What a business needs today could look very different six months from now, Rodehorst said. Plus, slashing too many people at once can make it harder to reassign work and rewire the organization’s operations.
“The business may need people for a period of time as part of that restructure,” she said. “So, it’s hard to let everyone go all at once.”
The risk, of course, is that the people left behind spend more time wondering if they’re next rather than focusing on their jobs.
Much as CEOs overseeing the cuts might wish it, the period after layoffs isn’t exactly “innovation and growing-the-business time,” said Scott Kirsner, CEO of InnoLead, a research firm focused on corporate innovation.
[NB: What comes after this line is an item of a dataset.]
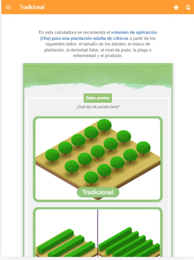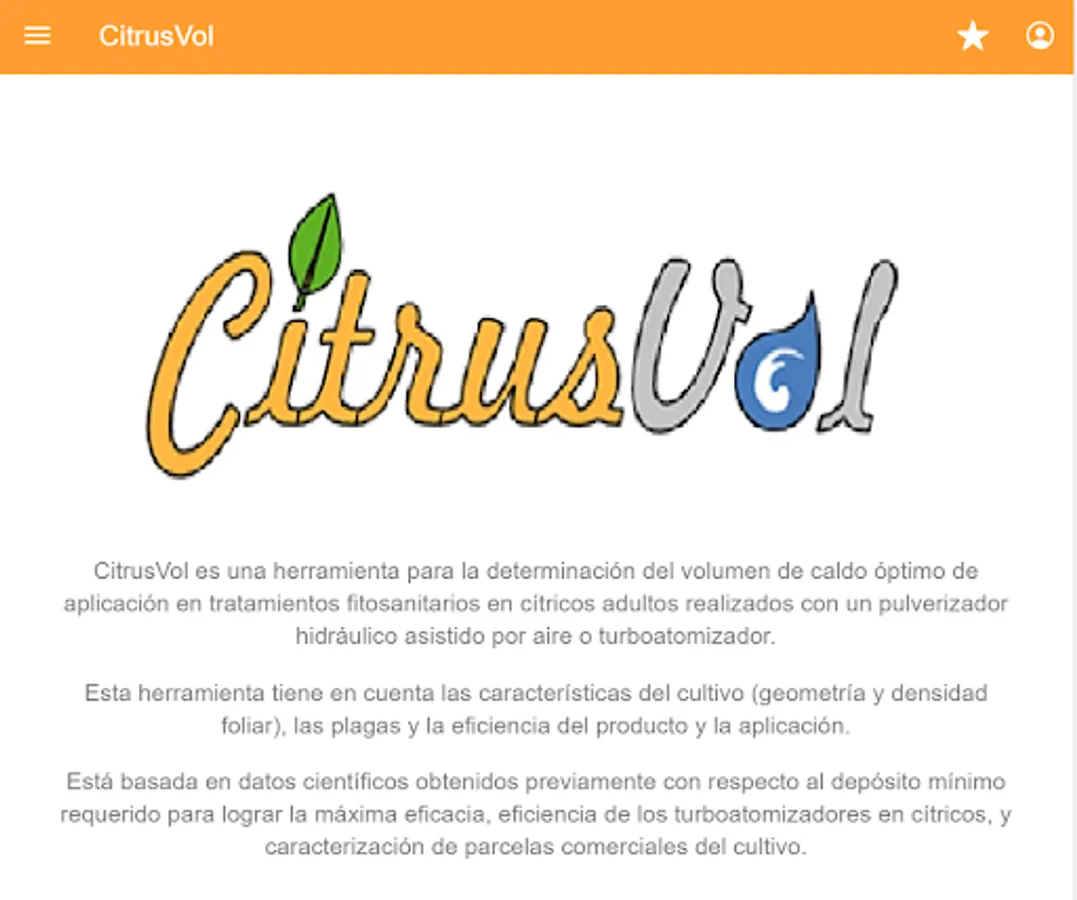 CitrusVol is a tool for determining the optimal volume of broth for application in phytosanitary treatments on adult citrus fruits carried out with an air-assisted hydraulic sprayer or turboomizer.

Instead, he said, teams tend to be busy figuring out who’s managing whom and what the company even looks like now.
Bidwell, from Wharton, said that big cuts often create “huge turmoil” and that trying to avoid layoffs for several years can require leaders to make big predictions about what a business will need in the future.
Even so, he said, the idea that businesses can simply cut and rehire as needed overlooks the hidden drags — things like damaged morale, lost institutional knowledge, and the time it takes new workers to get up to speed.
“There are serious adjustment costs every time you bring new people in,” Bidwell said.
Besides, he said, while it’s easy to tally up the salaries of laid-off workers, “it’s a lot harder to assess the challenges that you’re going to face in continuing to motivate your people and getting the work done.”